Soyeon nie była moją prawdziwą siostrą tylko przyszywaną. Mama przed poznaniem mojego ojca, miała romans z jej kolegą. A potem zaszła w ciąże i urodziła się Soy
- Jakie masz plany na dzisiaj? - Soy skończyła już śniadanie i podniosła na mnie wzrok.
- Uczenie się i może przyjdzie do mnie Innie - Powiedziałem na co Kim się na mnie popatrzyła.
- Innie, powiadasz - Westchęła i zrobiła usta w cieńką linię kiwając przy tym głową.
- Co masz do Jeongin'a? - Sarkastycznie zapytałem się jej, a później lekko aię zaśmiałem
- Nic. Po prostu, jesteś osobą nie towarzyską, introwertyk a zdrabniasz jego imię. Nigdy nie słyszałam jakbyś mówił do kogoś z zdrobnienia.
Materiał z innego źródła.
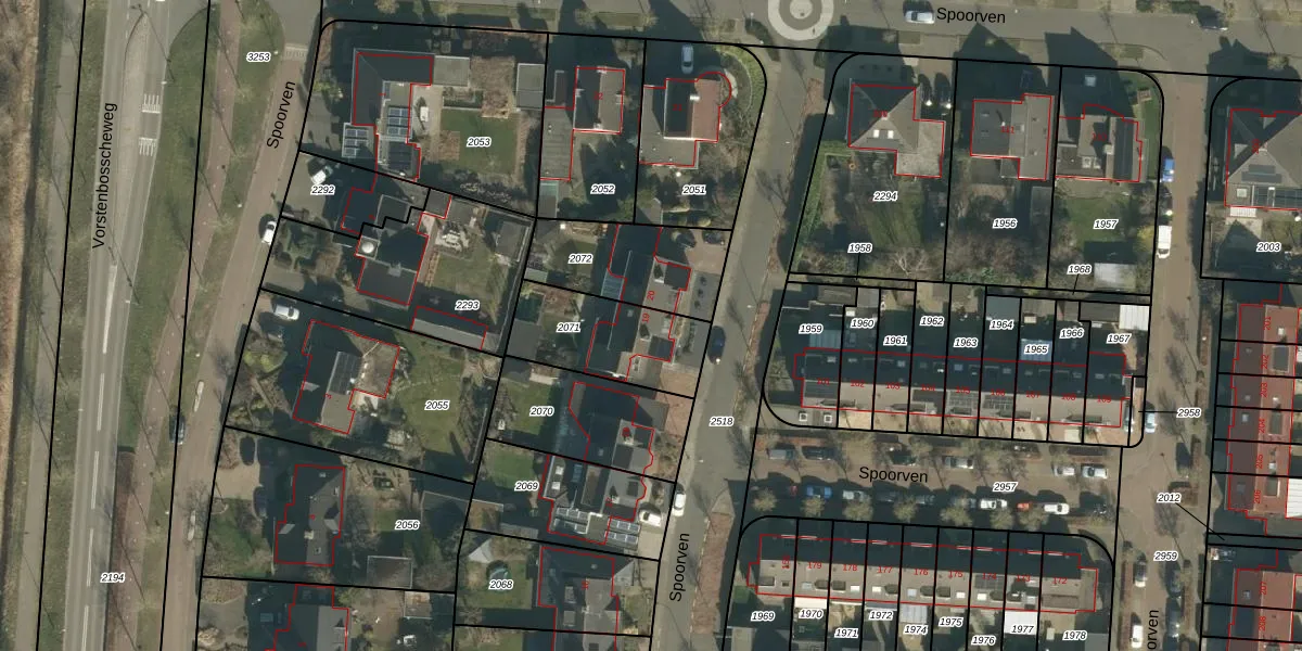 Het perceel waarop Spoorven 19 staat heeft een oppervlakte van 359 m². Dit is een groot perceel. De perceeloppervlakte wordt geregistreerd door het Kadaster. Gedetailleerde informatie over de maten van dit perceel kunt u vinden in het rapport Kadastrale kaart met maatvoering van Spoorven 19.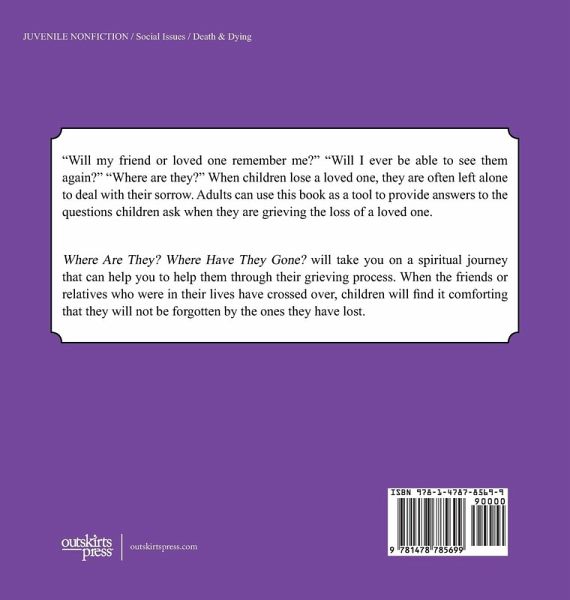 "Will my friend or loved one remember me?" "Will I ever be able to see them again?" "Where are they?" When children lose a loved one, they are often left alone to deal with their sorrow. Adults can use this book as a tool to provide answers to the questions children ask when they are grieving the loss of a loved one. Where Are They? Where Have They Gone? will take you on a spiritual journey that can help you to help them through their grieving process. When the friends or relatives who were in their lives have crossed over, children will find it comforting that they will not be forgotten by the ones they have lost.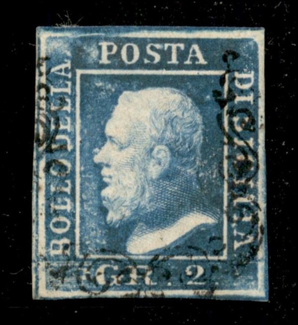 1859 - 2 grana azzurro (8d) - III Tavola - ottimi margini - usato - molto bello

- Dobra. Idę się uczyć. Pa - Wstałem ze stołu i ruszyłem w stronę schodów
- Annyeong - Pożegnała mnie i poszła otworzyć drzwi bo zadzwonił dzwonek.
__
《•°...°•》
--Było blisko piętnastej, a ja właśnie obudziłem się z mojej krótkiej drzemki. Obudziłem się słysząc pukanie do drzwi balkonu. Obróciłem się i zobaczyłem Jeongin'a. Odrazu uśmiechnąłem się na jego widok. Podszedłem do drzwi i otworzyłem je.
- Hej, co tam u ciebie? - Przywitałem go i przytuliliśmy się.
- A dupa. Nie rozumiem chemii, a mam kartkówkę w poniedziałek - Zaczął narzekać a ja zacząłem się śmiać - Nie śmiej się ty głąpie - Rzucił się na mnie i razem wylądowaliśmy na moim łóżku. Czarnowłosy zaczął mnie gilgotać. Na nie szczęście Jeongina, złapałem go za nadgarstki i położyłem go na plechach, a ja nad nim zawisnąłem. Yang patrzył na mnie zdziwiony, a ja uśmiechnąłem się i wstałem z łóżka. Podałem mu rękę, żeby wstał.

CZYTASZ
Don't Be Shy || SeungIn
FanfictionSeungmin jest zwyczajnym nastolatkiem który ma bezsensowne życie. W szkole był towarzyski, ale kiedy już wszedł do domu odrazu było widać, że jest introwertykiem. Min był uważany za tatę ich grupki znajomych a był osiem dni młodszy od najstarszego...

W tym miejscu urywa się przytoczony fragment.